The reasons for the Portuguese star's unhappiness at the Bernabeu are several, writes Duncan Castles, but there is a common theme to many.
Cristiano Ronaldo's woe highlights common complaint at Real Madrid
How can an individual whose basic salary is €10.5 million (Dh47.25m) after tax, who can earn the same sum again in commercial income, be sad about his financial situation? How indeed?
There is a glaring disconnect in the narrative disseminated to explain the Cristiano Ronaldo blues.
"I'm sad, when I don't celebrate goals it's because I'm not happy." said Ronaldo after scoring the first two goals in Real Madrid's 3-0 defeat of Granada last Sunday. "It's a professional thing. Real Madrid know why I'm not happy."
Those words were immediately interpreted as a demand for more money. Ronaldo, we were told by the Madrid press, was unhappy that his Madrid contract had been outstripped by the €20m net Anzhi Makhachkala pay Samuel Eto'o, and yearned for a wage that reflected his status as the world's best player.
"He wants more money," said Alfredo Relano, editor of one of Madrid's two grand sports newspapers Diario AS. "A while ago he was talking about a contract for life. But the price of a superstar has gone up after all the goals he has scored and after all Madrid have won."
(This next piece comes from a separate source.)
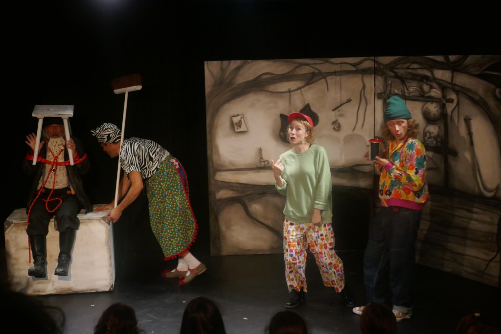 Die ganzen fantasievollen Ideen vom Schrumpfen oder Großwerden genial in Szene gesetzt, auch das ins Loch fallen. Der Nicht-Geburtstagsfeiernde, die Raupe und die Herzkönigin kamen farbenprächtig und witzig daher. Auch die Szenen mit der grinsenden Katze und dem Kaninchen waren wundervoll verspielt. Die Kinder folgten sehr aufmerksam der Geschichte und den Verwirrnissen. Einmal mehr, einfach grossartig.

Also briefed from within the Bernabeu, Marca pushed the same line. The rival publication ran a table of top footballers' salaries that placed Ronaldo 10th behind Eto'o, Zlatan Ibramihovic, Wayne Rooney, Yaya Toure, Sergio Aguero and others. It did not matter that Marca's numbers were all over the place (Rooney errantly ahead of all Manchester City salaries and the Premier League's best paid player, Carlos Tevez, not even listed), the point remained the same. Cristiano was crying about cash.
None of this served to lighten Ronaldo's mood. On Tuesday evening he took to Twitter to respond.
"That I am feeling sad and have expressed this sadness has created a huge stir," Ronaldo wrote. "I am accused of wanting more money, but one day it will be shown that this is not the case. At this point, I just want to guarantee to the Real Madrid fans that my motivation, dedication, commitment and desire to win all competitions will not be affected. I have too much respect for myself and for Real Madrid to ever give less to the club than all I am capable of. Abrazos [hugs] to all Madridistas."
The contract Ronaldo signed after Manchester United sold him to Madrid for £80 million in the summer of 2009 runs until 2015 when he will be 30. Austerity-hit Spain's rising tax rates are not an issue, its terms stipulate net pay. Ronaldo has not been offered an extension by Madrid, and, it is understood, would not sign one now even if they did. The reasons for his unhappiness are several, but there is a common theme to many.
The tipping point for Sunday's public display of disillusion was Andres Iniesta's election as Uefa's Best Player in Europe three days previously. After a season in which Ronaldo scored 46 goals in 38 games as Real Madrid ended Barcelona's hegemony over La Liga, the Portuguese ended up two journalists votes adrift of Iniesta, who is generally considered to have followed an unexceptional domestic campaign with an excellent Euro 2012.
There is no doubt that Barcelona place more value on such individual prizes than Madrid. The Catalans have a strategy for acquiring them. Starting with Joan La Porta and continuing with Sandro Rosell, their presidents are ever present at football's grand events. Their principal players - Iniesta, Xabi and Lionel Messi - publicly push for each other to win what have turned into global popularity contests.
At Madrid, Ronaldo has been blocked from granting interviews to important European publications while a group of teammates that includes Xabi Alonso, Alvaro Arbeloa and Marcelo who share media representation with Iker Casillas have been promoting the goalkeeper's candidacy for Fifa's World Player of the Year award. If Madrid doesn't push for its best player to be recognised as such, how can others?
It is symptomatic of a club that fails to shelter its most important performers. Tired of the club's factionalism and resistance to change, Jose Mourinho took a decision to leave Madrid midway through last season. Though he later resolved to continue as manager, frustration with its operations remains.
Madrid's supporters almost never sing Ronaldo's name. At one point last season they jeered and whistled their leading scorer, behaviour senior club figures then endorsed. "The people in the crowd are the ones who pay, and they are always right," said Alfredo Di Stefano, Madrid's honorary president.
Ronaldo contrasts all this with the support he received at Manchester United. He recalls the protection from Sir Alex Ferguson and knows that Old Trafford still voices his song. It is not the most expedient of approaches, but Ronaldo is not a man to constantly keep feelings to himself. And for now there is a feeling that he will not be a Madrid player in a year's time.